The US dollar surged on Monday, reaching a three-week high after US President Donald Trump followed through on his threat of additional trade tariffs, increasing demand for the safe-haven currency.
The dollar index, which tracks the behavior of the US dollar against a basket of six other currencies, was trading nearly 1% higher at 109.305 after reaching a three-week high.
Dollar Soars on Announcement of Tariffs
Over the weekend, President Trump announced, as promised last month, 25% import tariffs on both Canada and Mexico, along with a 10% tariff on China. He justified these measures as necessary to combat illegal immigration and drug trafficking.
All three affected countries vowed to retaliate, potentially signaling the start of a new global trade war. This has driven renewed demand for the US dollar as a safe haven.
The Chinese yuan fell to an all-time low against the dollar in the offshore market, with Chinese markets still closed for the Lunar New Year. Meanwhile, the Mexican peso dropped to its lowest level in nearly three years, and the Canadian dollar plummeted to levels last seen in 2003.
“It appears that the ‘maximum pressure’ strategy of this new Trump administration is to impose tariffs first, perhaps in an effort to negotiate the best possible deal quickly,” ING analysts said in a note. “The problem for investors, however, is that the outcome of these tariffs remains uncertain.”
“The reaction in the currency market has been, unsurprisingly, a defensive rally in the dollar. The DXY index rose by one percent. The most affected currencies were, as expected, commodity-linked currencies that benefit from global growth,” ING added.
Beyond its impact on global growth, tariffs could also contribute to inflation in the US economy. As a result, investors have slightly reduced their expectations for Federal Reserve rate cuts this year.
Last week, the Federal Reserve kept its benchmark interest rate unchanged in the range of 4.25%-4.50%. Officials also removed previous references indicating that inflation had “progressed” toward the Fed’s 2% target.
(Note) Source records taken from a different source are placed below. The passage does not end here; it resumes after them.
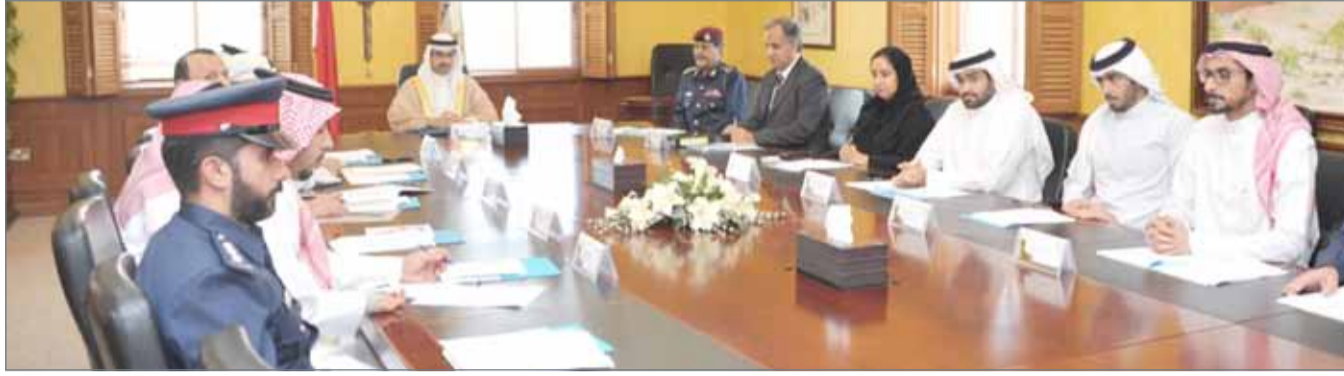
• سمو الشيخ خليفة بن علي آل خليفة متحدثاً اجتماعياً بمقر المحافظة الجنوبية

وأكد سموه أن المحافظة تعمل على مبدأ الشراكة والتعاون الدائم مع مختلف الجهات لإيجاد حلول مناسبة لقضايا المجتمع والوقوف للتأكد من معالجتها، حرصاً من المحافظة الجنوبية لخدمة المواطن والعمل بالحفاظ على أمنه واستقراره. من جانبهم، عبر الحضور عن شكرهم وتقديرهم لمساعي واهتمام سمو محافظ الجنوبية لمباشرة سموه كل ما من شأنه الحفاظ على أمن وسلامة ومصالح مواطني المحافظة الجنوبية ودعم سموه المستمر لمسؤولياتهم وأنشطتهم المختلفة، مؤكداً لسموه تعاونهم الكامل لبذل مزيد من العمل خدمة للمحافظة الجنوبية وأهلها.
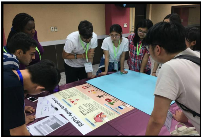
▲ 大家正在準備衛教活動

總而言之，這次的藥學生年會，真的讓我交到了很多朋友，國內的、國外的、新加坡的、馬來西亞的、香港的甚至是非洲的，雖然我可能這輩子都不會再見到他們，但和他們這十天的相處，其中的快樂，其中的歡愉，深深烙印在我腦海裡，就像江南Style、就像Apple pen，想忘也忘不掉，縱使我可能不會再見到他們，縱使他們在我的生命中只是個過客，但好歹他們也是外國來的。
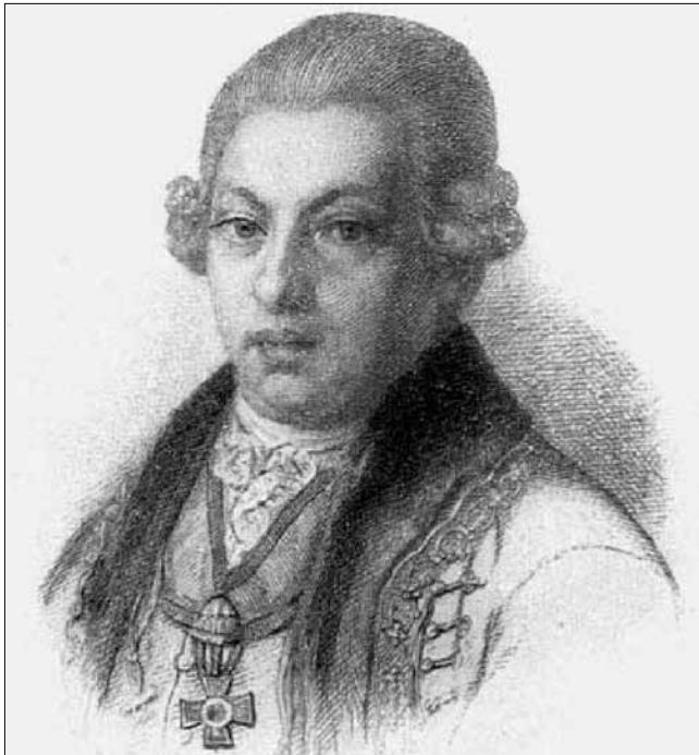
Gróf Niczky Kristóf portréja

hogy a magyar nemzet egyik nagy sérelmét „orvosolta”, azaz a Bánság inkorporálását véghezvitte. Ezt a kivételes életpályát azonban jelentősen beárnyékolta az akkoriban – Magyarországon is – népszerűtlen II. József iránti feltétlen hűsége és az uralkodó támogatása.
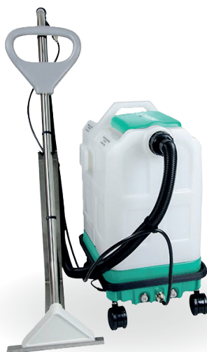
INJECTEUR EXTRACTEUR 24L

The Euro Is Hit Hard by Tariff Fears
In Europe, the EUR/USD pair fell 1.1% to 1.0248, with the euro dropping to its lowest level since November 2022 as investors braced for potential US tariffs on European goods.
In an interview with the BBC, Trump stated that similar tariffs on the European Union “will definitely happen,” calling the trade deficit with the EU “an atrocity.”
The United States recorded a nearly $200 billion trade deficit with the European Union last year.
“The growing prospect of a global trade war and the likelihood of tariffs targeting the EU is clearly negative for the euro,” ING added.
Providing slight support to the euro, data released on Monday indicated that the decline in Germany’s manufacturing sector eased in January.
Germany’s manufacturing purchasing managers’ index (PMI), compiled by S&P Global, rose to 45.0 in January from 42.5 in December, marking its highest reading since May of the previous year.
The final reading was nearly one point higher than the preliminary figure of 44.1, although it remains firmly below the 50-point threshold that separates growth from contraction.
The European Central Bank cut interest rates by a quarter of a percentage point last week—the fifth reduction of this kind since June—amid expectations that the largest inflation surge in decades is nearly over and that the struggling economy needs stimulus.
All eyes are now on the release of the eurozone’s flash CPI data later in the session, which is expected to show a 2.4% year-over-year increase in January, slightly above the ECB’s medium-term target of 2.0%.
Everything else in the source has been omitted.